Tot slot: hoe kunnen wij als hacker community Hack Right helpen? Floor: “Stageplaatsen en coaching. Reclassering en HALT zijn enthousiast en er zijn al aardig wat bedrijven die willen meehelpen, maar we kunnen wel wat meer stageplaatsen gebruiken. We zoeken vooral meer coaches. Die hoeven niet altijd Grumpy en Old te zijn, jonge begeleiders zijn ook welkom.” Victor laat Waldorf and Statler horen, de twee oude mannetjes van de Muppetshow.


Foto: @DJBusyR

Na onderzoek, type daders, arrestatie en veroordeling, nu de man die vanuit reclassering de cyberboefjes begeleid: Ton Starrenburg. De manier waarop hij hier bij Hack Talk terecht is gekomen is wel bijzonder. Bij aflevering 4 speelden we de rechtszaak Groene Hart Ziekenhuis na, over iemand die een ziekenhuis had gehackt en daarbij te ver was gegaan. Drie bezoekers werden met een dobbelsteen willekeurig aangewezen om samen het publieksoordeel te vellen. Hun oordeel was 80 uur taakstraf, precies hetzelfde als bij de echte rechtszaak. Wat bleek, de bezoekers waren helemaal niet zo willekeurig. Een ervan was al betrokken bij Hack Right, de tweede was van Reclassering en de derde een net-veroordeelde cyberboef. Huh, een of andere Victor Mits truuk? Nee, gewoon toeval.

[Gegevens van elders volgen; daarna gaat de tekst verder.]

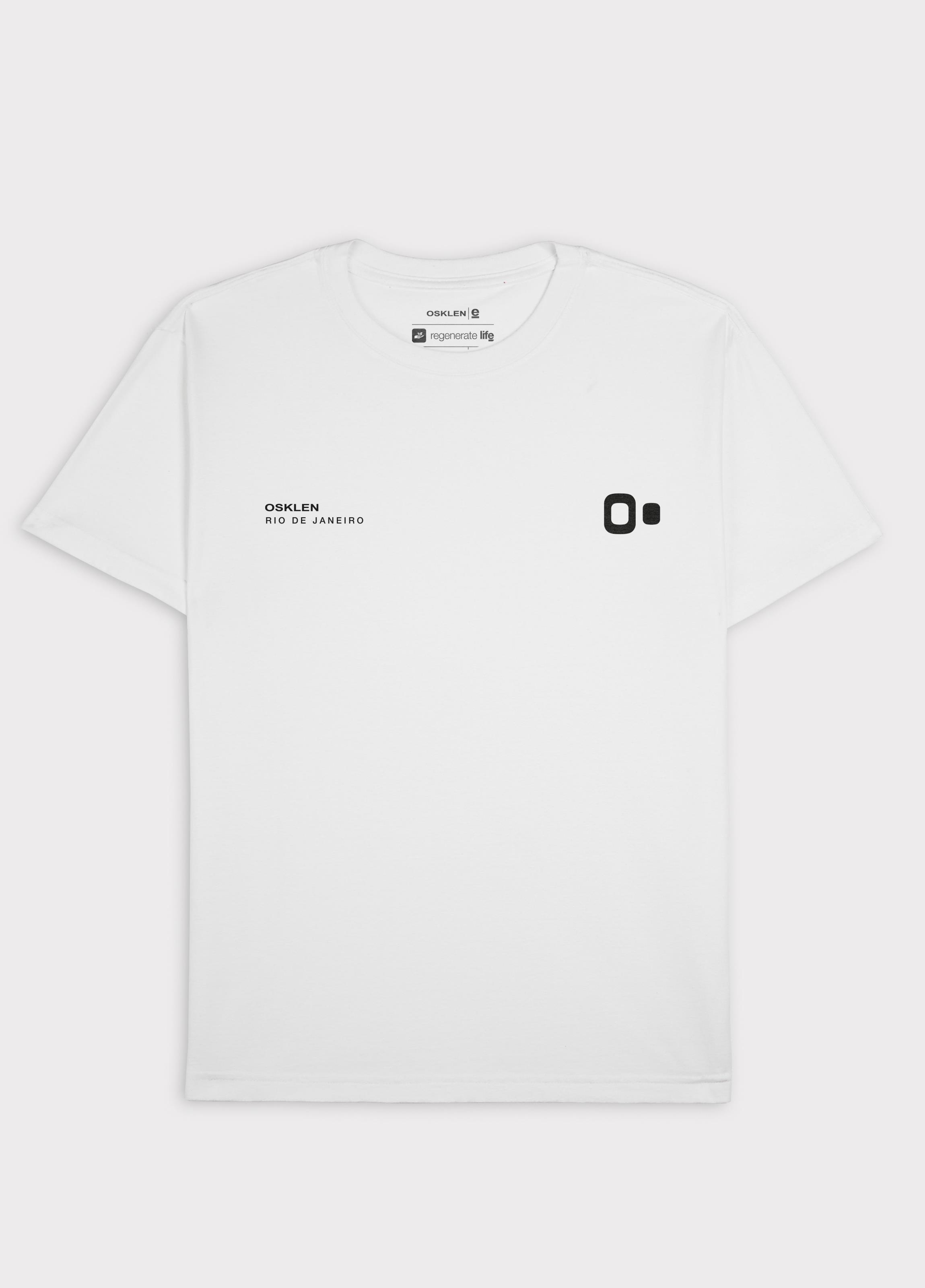 T-Shirt masculina 1/2 malha 100% algodão certificado, base de modelagem Slim, com visual gastinho, feito manualmente, peça a peça. A produção do algodão nacional certificado contribui para redução dos impactos ambientais, utiliza energia renovável, reduz o consumo de água e fomenta o aprimoramento social e ambiental das cadeias produtivas brasileiras. Bandeira Regenerate Life.

De dame van Reclassering bleek de vrouw van Ton te zijn en zij stuurde hem naar ons omdat hij net drie cyberboefjes onder zijn hoede had gekregen. We spraken met elkaar af in Rotown en ik kreeg de vraag hoe we 20 uur van hun taakstraf kunnen invullen. Mijn voorstel: lees eerst mijn boek Helpende Hackers en kom dan bij Hack Talk vertellen wat je hebt gedaan. Dat is een stuk zinvoller dan sponsjes inpakken, wat de als taakstraf van de Groene Hart hacker was. Dat vonden ze wel wat en zo is het dus gekomen dat Ton nu hier bij Hack Talk is met drie cyberboefjes.

Ton is ooit begonnen bij de douane, hier in de haven, werd toen Maatschappelijk Werker in de drugshulpverlening en kwam zo bij Reclassering terecht. Ongeveer de helft van zijn tijd besteedt hij nu aan cybercriminelen. Reclassering is overigens geen onderdeel van politie of de overheid, maar een onafhankelijke stichting die werkt in opdracht van Justitie. Ze schrijven adviezen, begeleiden veroordeelden terug de samenleving in en voeren nu ook Hack Right uit. Elk cyberboefje krijgt twee jaar reclasseringstoezicht.

In hoeverre verschillen cyberdaders van gewone criminelen? Ton: “Ze zijn heel verschillend, maar er wordt ook wel te snel een psychologisch sausje overheen gegooid. Zo van: je bent autist, of je hebt ADHD en daar doen we dan wat mee. Nee, zo werkt dat niet. Het gaat volgens mij vooral om hun sociale netwerk en hoe offline en online gedrag elkaar beïnvloeden. Dus: wanneer ben je met de computer begonnen, wie speelde een rol daarbij, hoe ben je te werk gegaan en hoe heb je die keuze gemaakt waarbij je de verkeerde kant op bent gegaan. We kijken ook anders naar de slachtoffers. Dat kunnen er online veel meer zijn dan offline. We proberen, voor zover mogelijk, de daders ook in contact te brengen met slachtoffers, zodat ze de gevolgen kunnen zien.”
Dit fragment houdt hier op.